Strettamente correlato alla didattica per scenari è il paradigma Project Based Learning (PBL), centrato sulla individuazione condivisa, da parte dei gruppi-classe, di obiettivi concreto (e complessi), caratterizzati da autenticità disciplinare; un esempio? Il lavoro svolto in Calabria che ha coinvolto 23 studenti e studentesse con il compito di:

  • “costruire e testare un dispositivo a basso costo (basato su una fotocamera commerciale in disuso) appropriato per eseguire indagini a infrarossi di livello didattico su dipinti”
  • “preparare un dispositivo che funzionasse come un semplice spettrometro (riciclaggio dei componenti ottici di un videoproiettore dismesso), adatto per caratterizzare varie sorgenti luminose al fine di identificare la più appropriata per l’imaging a infrarossi”.

 

Innovazione didattica in fisica: TikTok

@matthewandryanuk

#ad CANNOT BELIEVE THIS WORKS 😱 he can’t swim 😂 #IOPLimitLess #funnyvideos #reaction #trythis

♬ original sound – Matthew and Ryan

 

In Inghilterra l’Institute of Physics (IOP) ha deciso di pensare a TikTok, piattaforma popolare e amatissima dalle giovani generazioni che solo in Italia conta oltre 10.000.000 di utenti al mese. Dopo aver scandagliato a fondo i motivi che ostacolano ragazzi e ragazze nel desiderare e progettare un futuro nel campo della fisica, IOP ha scelto di andare là, dove chi è giovane passa il proprio tempo, e di parlare il linguaggio che TikTok ha contribuito a sviluppare. Ecco che l’Istituto ha ingaggiato alcuni tiktoker che hanno prodotto una serie di video, ha lanciato l’hashtag #ioplimitless e ha sfidato gli utenti a ripetere le prove, per “toccare con mano” le leggi della fisica. Particolare non indifferente la scelta dei topic: la prima prova era quella di stare in piedi sulle uova senza romperle, la seconda quella di mettere un panno sopra un bicchiere d’acqua e capovolgerlo sopra la testa di qualcuno senza far cadere una goccia. I risultati in termini numerici sono stati eclatanti: tasso di engagement superiore di 3 punti percentuali rispetto alle attese, oltre 1.300.000 visualizzazioni dei video, grande incremento di accessi sul sito istituzionale ma soprattutto un ri-posizionamento della fisica che va a demolire i pregiudizi sulla materia e sulla sua “appetibilità”.

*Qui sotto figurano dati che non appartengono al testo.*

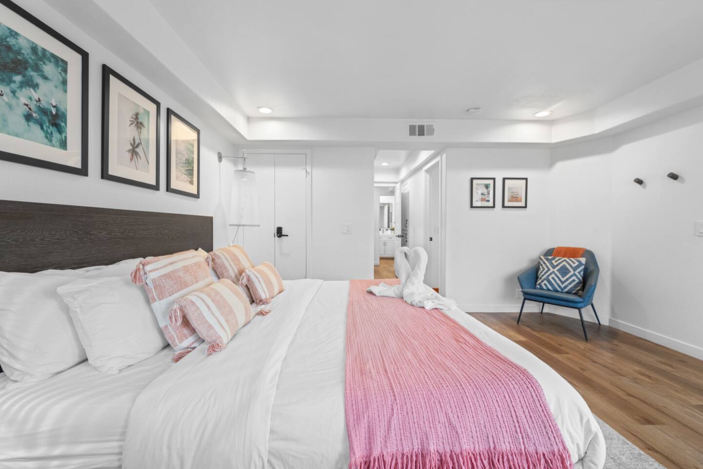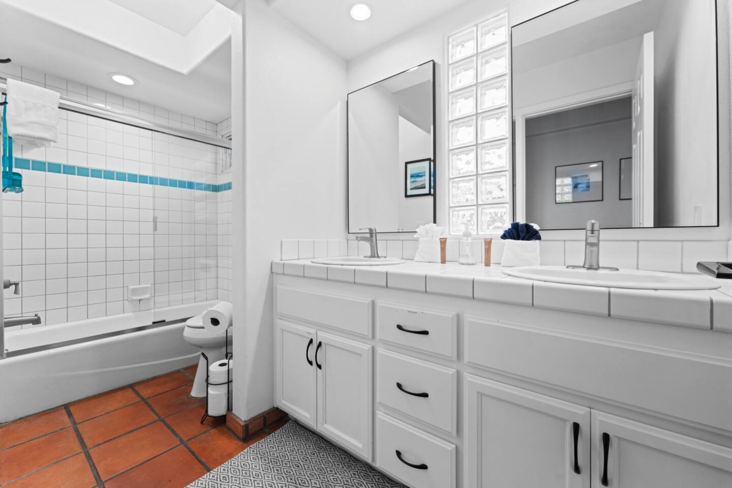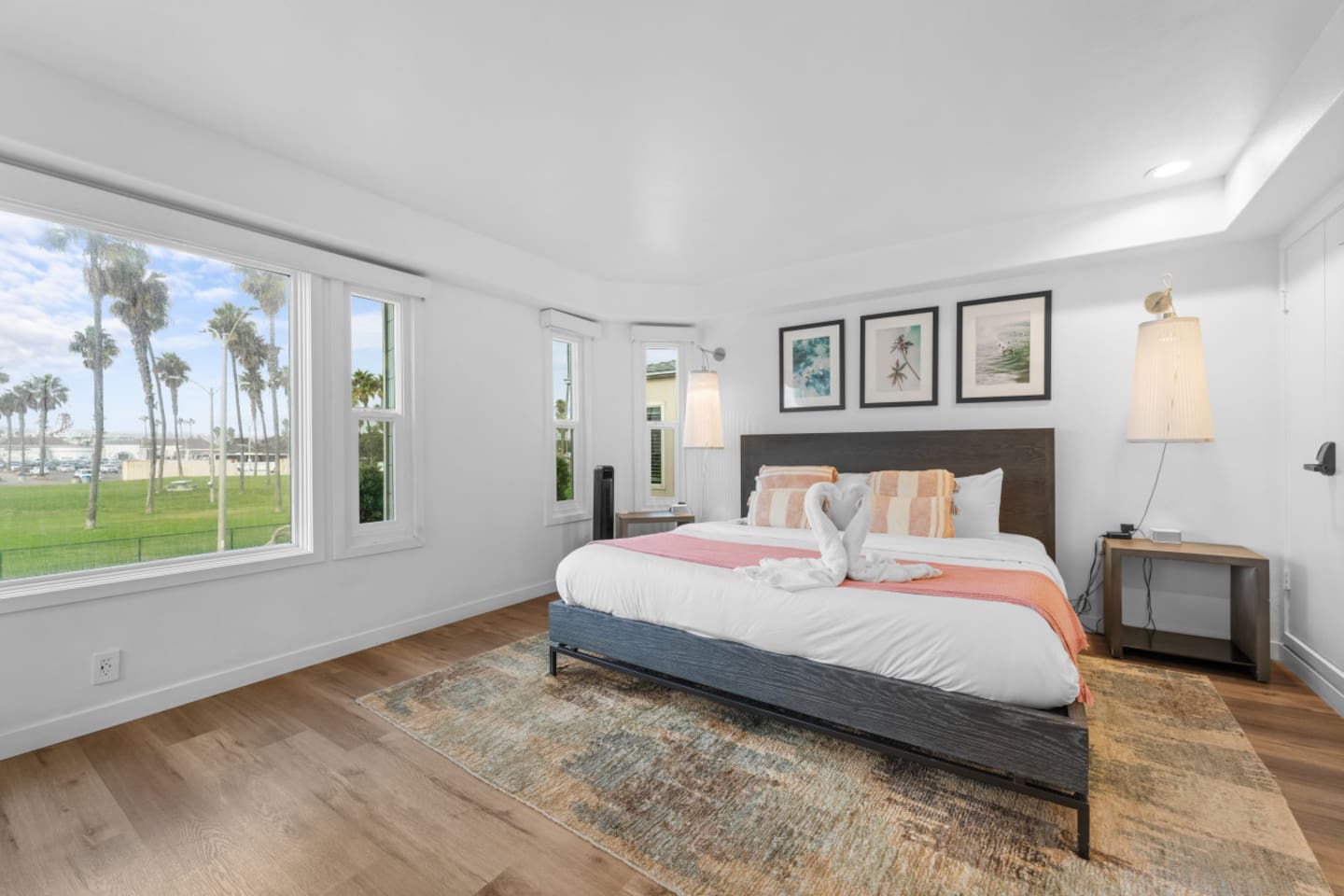 Welcome to our expansive quad-home vacation rental, designed to comfortably host families and large groups, offering plenty of space, privacy, and stunning views of Belmont Park and the beach. There are two sets of the following, the building mirrors the other: First Home (2-Story, 3-Bedroom, 3-Bath) Upon entering the first home, you'll walk into an inviting open-concept living area featuring a spacious dining table, a comfortable seating area with a large TV, and a fully equipped kitchen with modern appliances, ideal for group meals. The room is flooded with natural light, thanks to the large windows that overlook the outdoor patio. On the ground floor, there’s a cozy bedroom with a queen bed, perfect for guests who prefer easy access to the main living space. Adjacent to the bedroom is a full bathroom, conveniently located for both guests and those in the common areas. From this level, you can access the garage, offering secure parking and extra storage for your beach gear. Upstairs, a large laundry closet sits at the top of the stairs for easy access. You'll find a bunk room with two sets of bunk beds, ideal for kids or friends traveling together. A full bathroom with a shower/tub combo is located just outside the bunk room, providing convenience for all upstairs guests. The highlight of the second floor is the main suite—a spacious retreat featuring a luxurious king bed, ample closet space, and an ensuite bathroom with dual vanities and a walk-in shower. The bedroom opens up to a private balcony, where you can enjoy your morning coffee while taking in views of Belmont Park and the nearby beach. The outdoor patio on the ground level is perfect for dining and relaxing. Equipped with a dining table, comfortable outdoor seating, and a BBQ, it’s a great spot to enjoy meals outside or unwind after a day at the beach. Second Home (3-Bedroom, 2.5-Bath) Situated directly above the first home, the second home offers additional space with a private entrance, perfect for larger groups who want to stay close but maintain some privacy. Upon entering, you'll walk through a hallway that leads to the bedrooms and bathrooms. On your left is a full bathroom and a laundry room with a washer and dryer. To the right is a bedroom with a queen bed, offering a quiet retreat for guests. At the end of the hall is a spacious bunk room, making it an excellent spot for families or kids. As you ascend the stairs, you'll be greeted by half bathroom and an open-plan living area with vaulted ceilings and large windows that offer sweeping views of Belmont Park and the beach. The kitchen is equipped with modern stainless-steel appliances, ample counter space, and everything needed to prepare meals for a large group. Adjacent to the kitchen is a dining area that seats eight, perfect for shared meals and game nights. The main bedroom is also located on the second floor and features a king bed, a walk-in closet, and an ensuite bathroom with a large walk-in shower and dual sinks. A private balcony off the main bedroom offers another quiet spot to relax and enjoy the views. The living area opens up to a large balcony, fully furnished with a lounge set, dining table, and BBQ. This space is perfect for outdoor entertaining, whether you're enjoying sunset views or grilling dinner after a day at the beach. Both homes are designed to provide a seamless combination of shared and private spaces, making them ideal for large families or groups looking for a comfortable beachside retreat. With stunning views, modern amenities, and plenty of room to relax, this property offers the perfect getaway. 7 miles from San Diego International Airport. PLEASE MESSAGE US BEFORE BOOKING TO CONFIRM AVAILABILITY, WE WILL GET BACK TO YOU QUICKLY :) Please note we require a 4 night minimum for weekends unless there is a last minute vacancy. We have one week minimums, Saturday - Saturday, June 20 through August 15. Winter holidays are also one week minimums, Thanksgiving is a 5 night minimum. Guest access Electronic lock access to home and access to four separate garages, each fitting two cars for total parking for 8 vehicles. Two private & enclosed 2 car side by side garages Height (at lowest point): 7 ft 4 inches Width: 16 ft Stall 1 length: 13 feet 5 inches Stall 2 length: 18 feet 5 inches Two private & enclosed 2 car tandem / stacked parking Height (at lowest point): 6 ft 9 inches Width: 8 ft Length: 35 feet Other things to note Coronavirus has been a worldwide concern and has affected all business including short term rentals. We have implemented extra precautions to ensure a worry free stay. We bleach the floors, sheets, towels, railings, door handles, remote controls, light switch and switch plates. We also provide Lysol wipes to keep your stay as virus and bacteria free as possible. Please note this is NOT a party house. No additional guests allowed in or near the property at any time. Please consider another listing if you want to entertain during your vacation. (Gatherings of all sizes currently mandated against. See below.) Strictly enforced noise curfew from 10PM-9AM daily No smoking in or around the property. There is a $1,000 fine for smoking on the property. No commercial use of the property including personal services, photo or video shoots or other business use. NO PETS our cleaner is allergic to pets, please consider another listing if you have a service animal or comfort dog. There is a $1,000 fine for unauthorized pets. Transient Occupancy Registration Certificate Numbers 635962, 518498, 635963, 636462 License Number STR-03653L STR-03654L STR-06031L STR-03655L

Usare un medium come TikTok, rispettandone lessico e codici, può essere un modo per fare divulgazione ma la creazione stessa di contenuti può diventare un progetto didattico interdisciplinare che coinvolge le classi, stimolandone la crescita e rendendo la fisica sempre più “amica” (e quindi sempre meno distante).

 

Physics is for everyone!

Sì, la fisica è davvero alla portata di chiunque, basta trovare il modo più adatto per raccontarla. Le avanguardie didattiche si nutrono di idee ma anche di intuizioni, di competenza ma anche di scommesse, per questo motivo sperimentare, anche per piccoli passi, significa già fare innovazione. L’insegnamento della fisica ha bisogno di tutto questo, e soprattutto ha bisogno anche di te, per cui… se hai un’idea, prova a darle seguito!